[[ Data for processing, beginning ]]
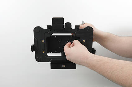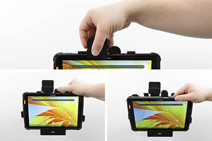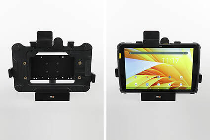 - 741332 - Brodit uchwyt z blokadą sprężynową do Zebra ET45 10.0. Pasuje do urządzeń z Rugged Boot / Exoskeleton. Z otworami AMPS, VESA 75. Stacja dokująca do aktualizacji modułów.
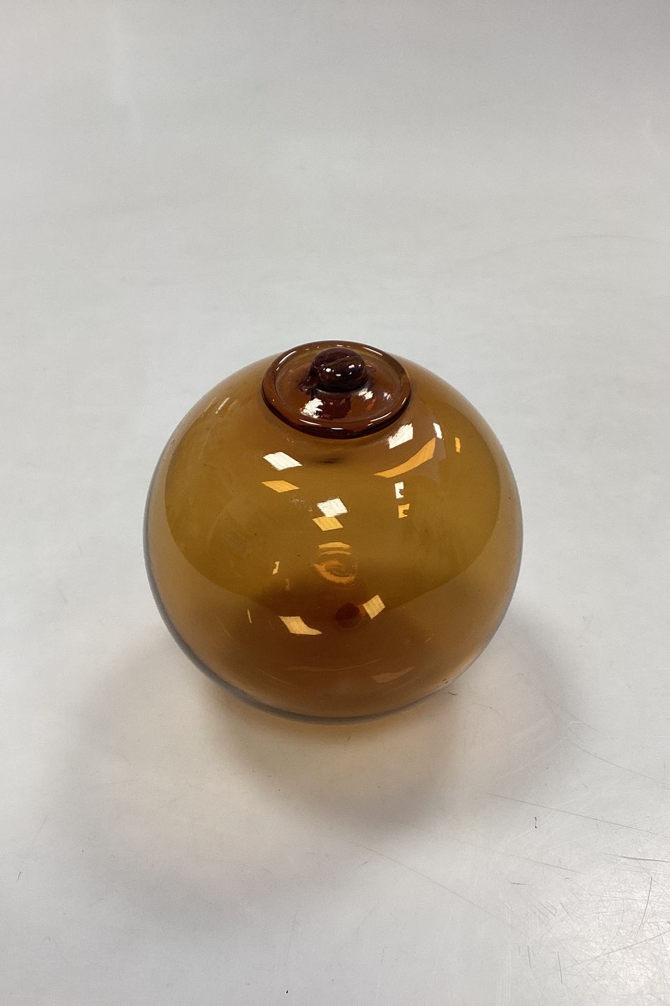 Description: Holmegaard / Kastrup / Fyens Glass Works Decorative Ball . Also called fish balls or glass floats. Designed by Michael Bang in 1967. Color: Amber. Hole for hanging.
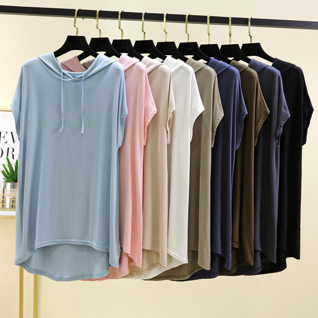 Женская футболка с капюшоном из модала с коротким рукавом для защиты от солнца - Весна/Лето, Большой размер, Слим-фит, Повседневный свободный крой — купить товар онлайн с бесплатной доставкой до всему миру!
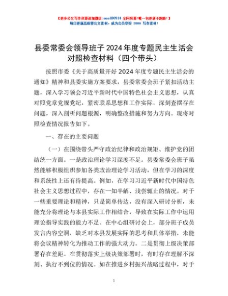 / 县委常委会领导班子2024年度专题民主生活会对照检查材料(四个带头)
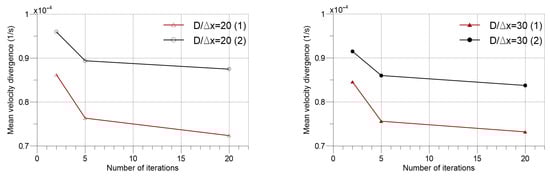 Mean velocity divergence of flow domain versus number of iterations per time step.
[[ Data for processing, end ]]
[[ Data for processing, beginning ]]
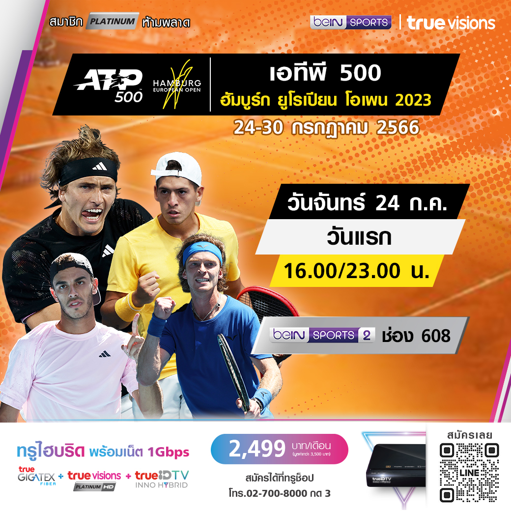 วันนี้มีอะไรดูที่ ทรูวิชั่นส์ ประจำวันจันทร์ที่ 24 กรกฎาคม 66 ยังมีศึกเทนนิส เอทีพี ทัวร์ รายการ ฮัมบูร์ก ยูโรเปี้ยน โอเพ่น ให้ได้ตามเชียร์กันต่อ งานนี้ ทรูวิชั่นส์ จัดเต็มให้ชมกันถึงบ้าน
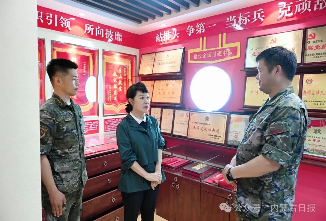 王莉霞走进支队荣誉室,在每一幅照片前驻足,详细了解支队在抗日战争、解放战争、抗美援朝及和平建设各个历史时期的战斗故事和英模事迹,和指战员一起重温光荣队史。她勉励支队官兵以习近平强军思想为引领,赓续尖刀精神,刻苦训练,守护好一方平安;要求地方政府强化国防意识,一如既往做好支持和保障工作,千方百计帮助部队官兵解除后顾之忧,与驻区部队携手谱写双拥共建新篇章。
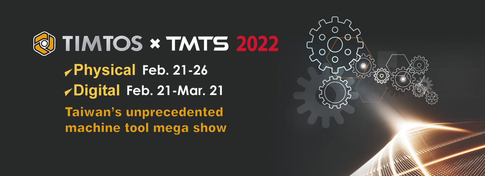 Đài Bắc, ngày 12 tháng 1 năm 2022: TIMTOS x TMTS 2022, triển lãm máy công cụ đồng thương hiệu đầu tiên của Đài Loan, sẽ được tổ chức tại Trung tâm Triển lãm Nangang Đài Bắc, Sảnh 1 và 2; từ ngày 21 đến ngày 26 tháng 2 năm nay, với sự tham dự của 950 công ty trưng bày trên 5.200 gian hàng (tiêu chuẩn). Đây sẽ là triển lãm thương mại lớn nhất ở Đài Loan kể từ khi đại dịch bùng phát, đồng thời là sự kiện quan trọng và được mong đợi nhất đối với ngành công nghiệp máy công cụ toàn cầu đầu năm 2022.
[[ Data for processing, end ]]
■ Problem description ■
Your answer is the exact run of lines above from the one with "- 741332 - Brodit" through the one with "Mean velocity divergence", both ends included, minus any picture.

■ Task response ■
 - 741332 - Brodit uchwyt z blokadą sprężynową do Zebra ET45 10.0. Pasuje do urządzeń z Rugged Boot / Exoskeleton. Z otworami AMPS, VESA 75. Stacja dokująca do aktualizacji modułów.
 Description: Holmegaard / Kastrup / Fyens Glass Works Decorative Ball . Also called fish balls or glass floats. Designed by Michael Bang in 1967. Color: Amber. Hole for hanging.
 Женская футболка с капюшоном из модала с коротким рукавом для защиты от солнца - Весна/Лето, Большой размер, Слим-фит, Повседневный свободный крой — купить товар онлайн с бесплатной доставкой до всему миру!
 / 县委常委会领导班子2024年度专题民主生活会对照检查材料(四个带头)
 Mean velocity divergence of flow domain versus number of iterations per time step.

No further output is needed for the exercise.